### [Exercise goal]
Repeat exactly the stretch of lines that starts with the one containing "Inscription rentrée 2025-2026" and ends with the last line of the material. Leave out pictures.
═════ Records for the task ═════
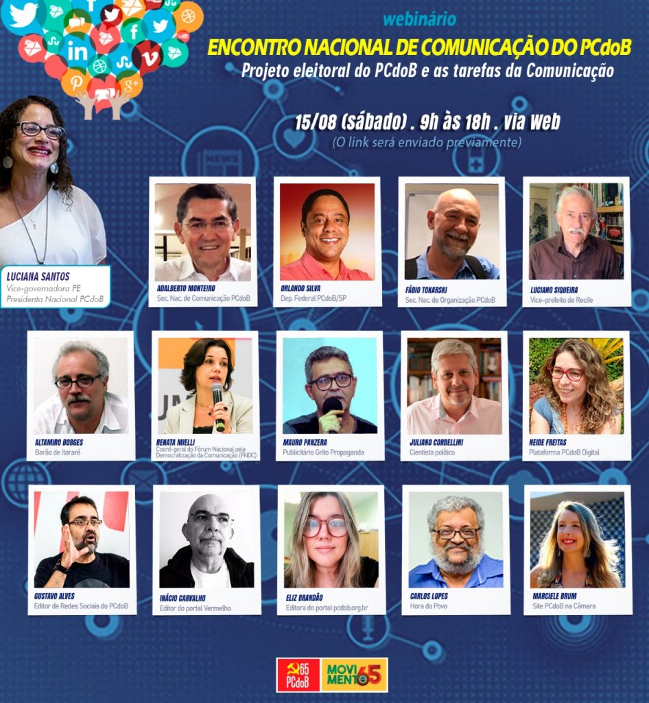 O webinário do Encontro de Comunicação, que terá início às 9h e se estenderá até às 18h, é dirigido aos secretários(as) de comunicação e dirigentes dos comitês estaduais e municipais do PCdoB; pré-candidatos(as) do partido e profissionais que atuam na comunicação do PCdoB.
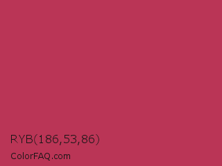 RYB 186,53,86 Color is a normal red color and the nearest color is Dingy Dungeon #c53151. Hex code #ba3556 and RGB value is rgb(186,53,86). In RGB color space, this color is composed of 73% red, 21% green, 34% blue, In CMYK color space, this color is composed of 0% cyan, 72% magenta, 54% yellow , 27% black , In HSL color space, this color has a hue angle of 345° , 56% saturation and 47% lightness.
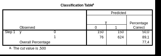 На основе модели логистической регрессии можно строить предсказание произойдет или не произойдет событие {Y=1}. Правило предсказания, по умолчанию заложенное в процедуру LOGISTIC REGRESSION устроено по следующему принципу: если
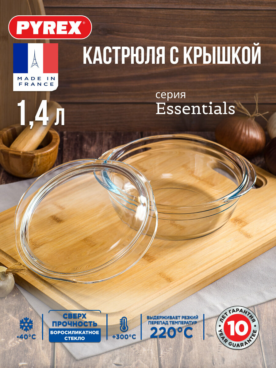 Кастрюля для запекания круглая с крышкой Pyrex ESSENTIALS 1.4л 18см
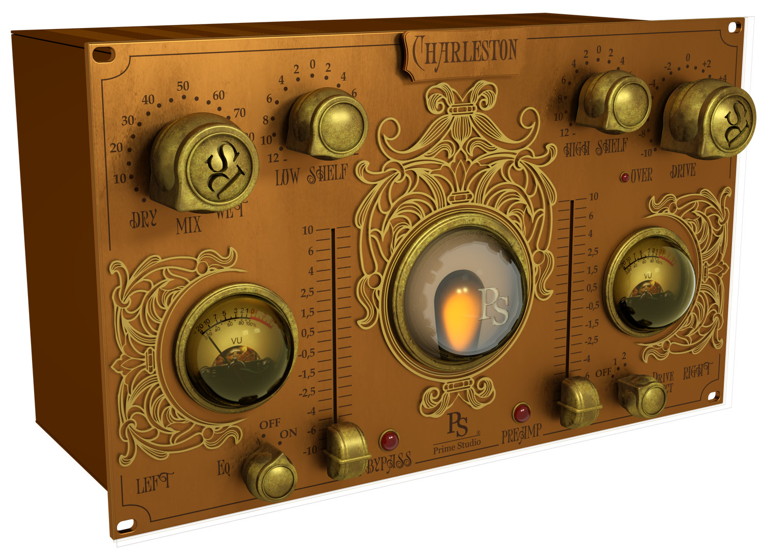 ¿Estás listo para conocer al primo de Charly? Prime Studio® Charleston es un dispositivo de suma basado en una variedad de dispositivos analógicos utilizados diariamente como una configuración parcheada en Prime Studio®. Los ecualizadores de estante bajo y estante alto se pueden ajustar según se desee para dar a tus pistas un toque suave. Elige entre dos sonidos de "drive" diferentes y mezcla la distorsión armónica con el botón de Mix para que coincida con la señal original. El sonido del preamplificador también se puede desactivar para hacer que la suma de tus pistas sea aún más flexible. El Magic Eye te muestra cuánta intensidad del efecto está configurada, y el LED Over indica si tu señal de entrada está demasiado alta. Dos faders separados para ajustar finamente los canales izquierdo y derecho completan el plug-in.
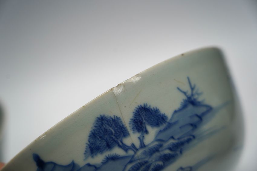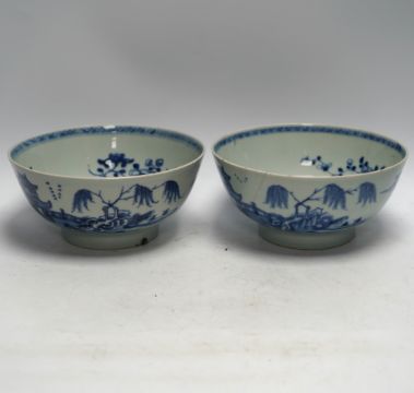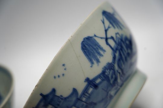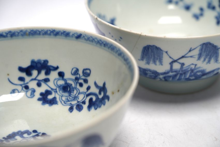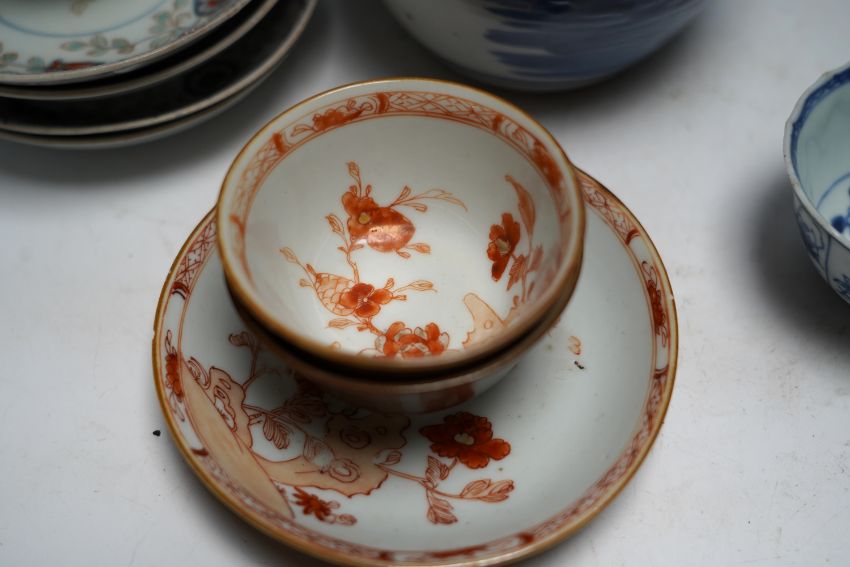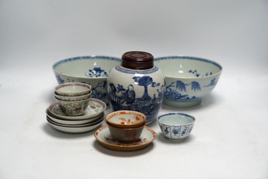 A group of 18th century Chinese and Japanese porcelain including blue and white bowls and jar with hardwood cover, largest 19cm in diameter***CONDITION REPORT***One bowl footrim chipped and bruised; firing flaw at footrim, not serious.  Other bowl large repaired chip; further small chips and a crack issuing from this chipped rim.  Ginger jar with hairline cracks, none serious; later wood cover.  One of the three matching teabowls with two long cracks; all with some wear to gilding; one of the four matching saucers with hairline crack inward from rim, approx. 15mm, all with wear to gilding.  One iron-red saucer two shallow chips to outside edge of rim.  Blue and white teabowl good. PLEASE NOTE:- Prospective buyers are strongly advised to examine personally any goods in which they are interested BEFORE the auction takes place. Whilst every care is taken in the accuracy of condition reports, Gorringes provide no other guarantee to the buyer other than in relation to forgeries. Many items are of an age or nature which precludes their being in perfect condition and some descriptions in the catalogue or given by way of condition report make reference to damage and/or restoration. We provide this information for guidance only and will not be held responsible for oversights concerning defects or restoration, nor does a reference to a particular defect imply the absence of any others. Prospective purchasers must accept these reports as genuine efforts by Gorringes or must take other steps to verify condition of lots. If you are unable to open the image file attached to this report, please let us know as soon as possible and we will re-send your images on a separate e-mail.
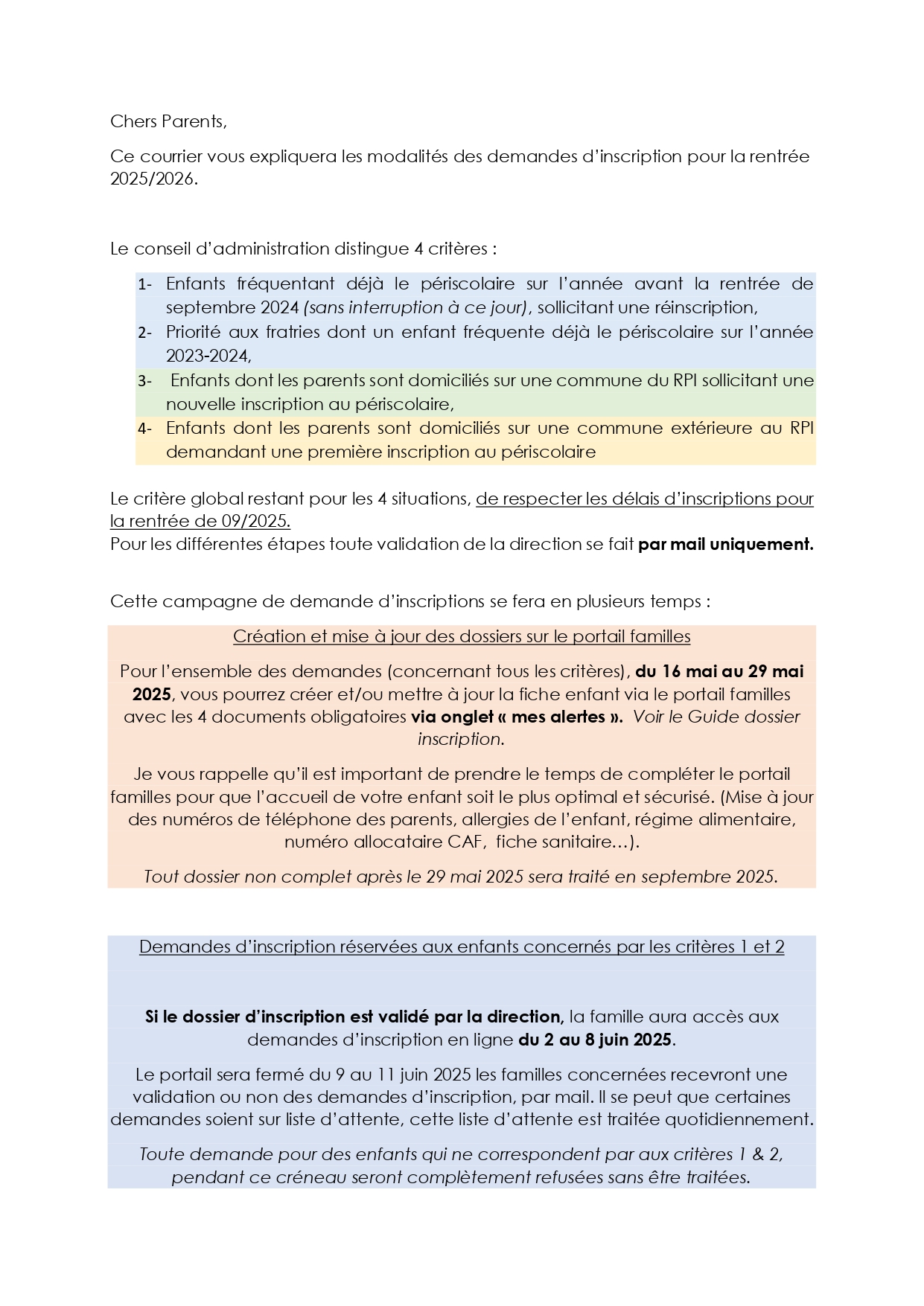 Inscription rentrée 2025-2026
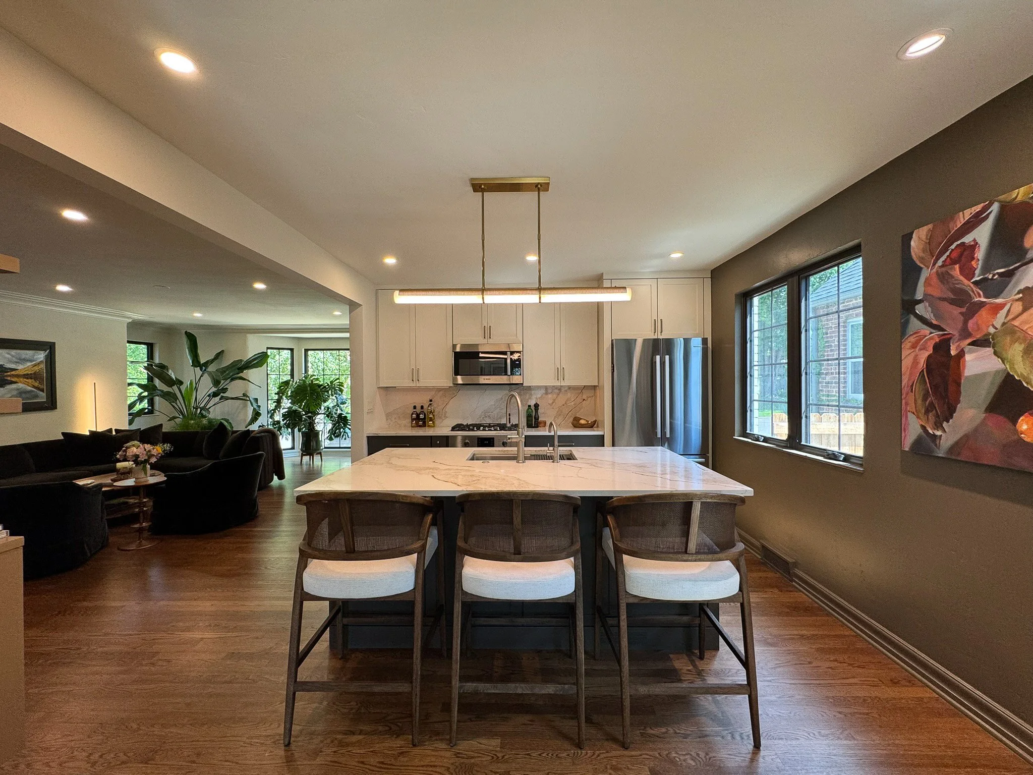 This thoughtfully executed interior renovation reimagines the main level of a classic Colonial home in Denver’s highly sought-after Hale neighborhood. Formerly a three-bedroom, one-bath layout, the space has been transformed into a bright, open-concept floor plan designed for modern living.
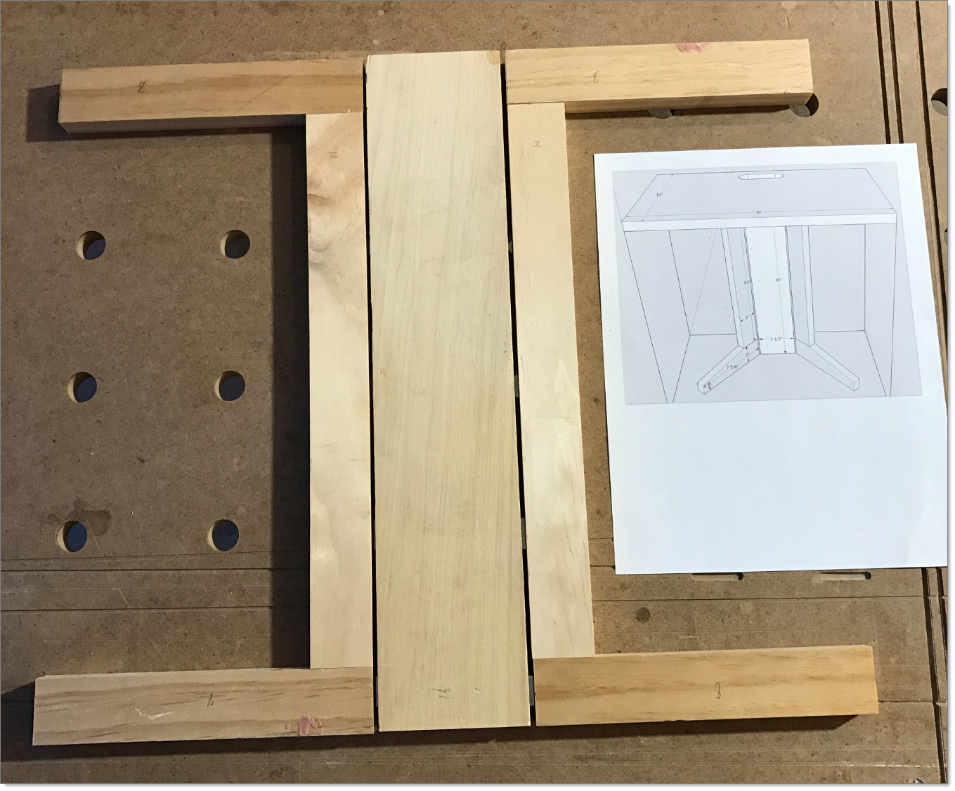 I cut the pieces to length on the miter saw, and things were looking good. To save time, I didn't bother to taper the legs, like what is shown in the design.
═════
### [Response box]
 Inscription rentrée 2025-2026
 This thoughtfully executed interior renovation reimagines the main level of a classic Colonial home in Denver’s highly sought-after Hale neighborhood. Formerly a three-bedroom, one-bath layout, the space has been transformed into a bright, open-concept floor plan designed for modern living.
 I cut the pieces to length on the miter saw, and things were looking good. To save time, I didn't bother to taper the legs, like what is shown in the design.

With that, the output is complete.